Reliability Test Validation and Product Verification

Reliability Test Validation and Product Verification

Working with product engineers to develop a reliability test early in a program can be a satisfying experience. My interactions with the product engineers are the most fruitful when there is mutual respect. I ask the product engineer questions about his goals, the product features, the supplier, and rely on his product expertise. I like to examine prototype parts and review an engineering drawing or the circuit diagrams.

A good example was when a product engineer, let’s call him Jim,  approached me to develop a safety switch reliability test.

The Product

A switch would be installed in a manual transmission vehicle to detect the clutch pedal state, i.e. free or fully depressed. The detection of the clutch pedal position was an essential safety function. The corporate standards required the safety switch reliability to be verified to 10 years or 100,000 miles of 95% customer usage at 90% confidence.

Potential Failure Modes

When asked about the likely failure modes, Jim responded that it would probably be contact wear, which would be a function of switch cycles. The switch cycles were considered functions of mileage rather than time, so the target focused on cycles in 100,000 miles. However, the switch was a complex electro mechanical device, which could have other failure modes.

Duty Cycles

The switch durability would be evaluated on a test fixture where a set of switches would be cycled. Jim needed to define the test target and the number of samples to be tested. How were other similar switches tested? Jim indicated that on some vehicles the swith target was 2,000,000 cycles. Were there any other vehicles with similar switches? Yes, the switch target for another type of vehicle were cycled 500,000 times. This is a broad range so the dilemma is how to select a target? What about the customer? Jim didn’t have any idea how many times the customer would used the clutch and indirectly the switch.

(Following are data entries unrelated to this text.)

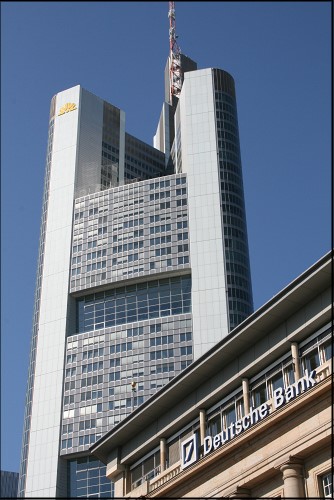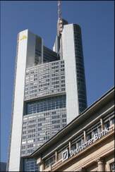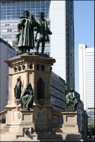 Vorbei am Börsenplatz und dem Rathenauplatz gelangten wir zum Goethe-Platz mit seinem Goethe-Denkmal. Von hier aus konnten wir bereits die bekannte Commerzbank und weitere Hochhäuser sehen. Ein etwas eigenartiges Bild – Alt und Neu so nah beieinander!
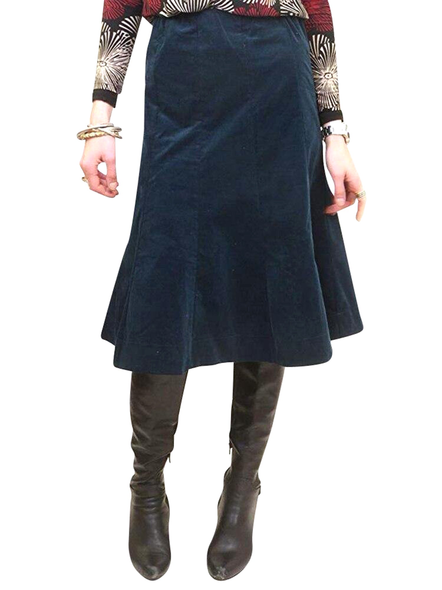 Corduroy stretch a-line skirt with elastic waistband. Sizing runs small as it fits for juniors/teens.
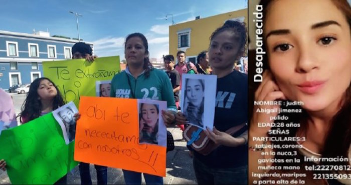 Judith Abigail era madre soltera. El 8 de agosto se fue con un hombre identificado como Eduardo al campo de tiro. Avisó a su familia que ya iba de regreso pero nunca llegó. Según la versión de “Lalo”, un grupo de hombres los chocó cuando circulaban sobre la carretera a Tecali, a la altura del kilómetro 13 y se quisieron llevar a los dos, pero él se quedó atorado con el cinturón de seguridad y no lo lograron.
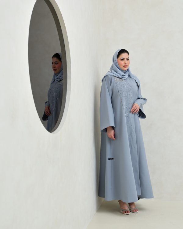 عباية باللون الأزرق الفاتح مع إضافة شك فضي
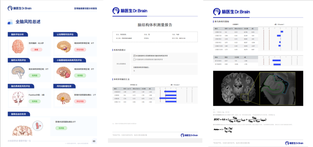 是專(zhuān)注在中樞神經(jīng)系統(tǒng)疾病的人工智能診斷分析平臺(tái),基于醫(yī)未自行搭建的全年齡段中國(guó)人群全腦結(jié)構(gòu)影像數(shù)據(jù)庫(kù),結(jié)合前沿的大數(shù)據(jù)分析和人工智能等核心技術(shù),快速、精準(zhǔn)評(píng)估全腦結(jié)構(gòu)變化、腦白質(zhì)病變、微出血灶及腦血流量等,以量化、直觀的結(jié)果,輔助臨床做出超早期的精準(zhǔn)診斷及疾病進(jìn)展預(yù)測(cè)。
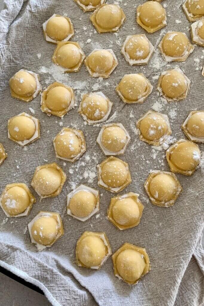 You will also be able to roll the pasta dough thin enough to make ravioli and tortellini. I use a Russian Pelmeni (little dumpling) cutter to make the cutest sourdough ravioli! You can find the Pelmeni cutter I use here.
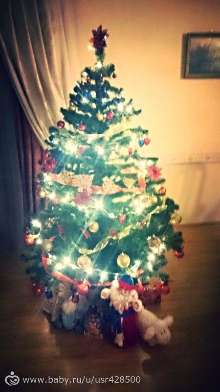 . На отдельное фото не получалось сфотать, фотка вечно смазанная получалась (его видно на общей, около деда мороза весит небольшой белый), мучать не стала… занял почетное место на елке))))
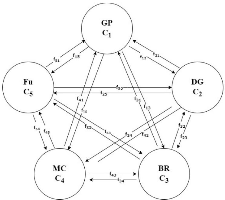 Where CSF is the Critical Success Factors index. $C_i$ stands for the major factors (GP=C1, DG=C2, BR=C3, MC=C4, Fu=C5) found on nodes of the digraphs and $f_{ij}$ is the relative importance of the ith factor as compared to the jth which are shows as edges in the digraph.

Luckily, there was vehicle duty cycle data for clutch operation. Vehicles had been instrumented and operated in an urban-suburban environment with a mix of road types. The clutch duty cycle data consisted of counts of clutch usage vs. mileage. The data was already analyzed to determine the 95th percentile clutch usage at 90% confidence and projected to 100,000 miles. After comparing different types of vehicles, a reasonable target was 850,000 cycles.

This target was contained nicely within the testing targets currently used, but one has to step back and question the reasonableness of the target. In what situation would a clutch experience 850,000 cycles in 100,000 miles? Consider an urban area, like Queens, N.Y.; with heavy traffic most of the day. Would it be reasonable to use a clutch 8.5 times per mile? At the time, a common manual transmission had 4 forward gears. While accelerating to traffic speed, the clutch would be used for starting in first, shifting to second, to third, and to fourth gears. Just getting up to speed involves four clutch uses. Similarly when dropping down in speed for a total count of about 8 shifts. If you travel in a congested urban area, traffic may easily start and stop over a distance of a mile. This could easily represent a 95% customer usage, considering the whole country, so the 850,000 cycles was accepted as a validation target. Sometimes this target is called a life, or the test bogy.

Testing Strategy

For a reliability test to bogy, one needs to define the sample size, which is a function of the minimum reliability and confidence to be demonstrated. For a minimum of 95% reliability at 90% confidence, using the success run equation, 45 test samples need to survive 850,000 cycles without failure. Jim then informed me that the supplier’s test fixture could accept only 12 parts at a time. This implied that there could be 4 groups of parts, each tested to 850,000 cycles. This is equivalent to occupying the test fixture for 3,400,000 cycles. Was there an alternative test plan?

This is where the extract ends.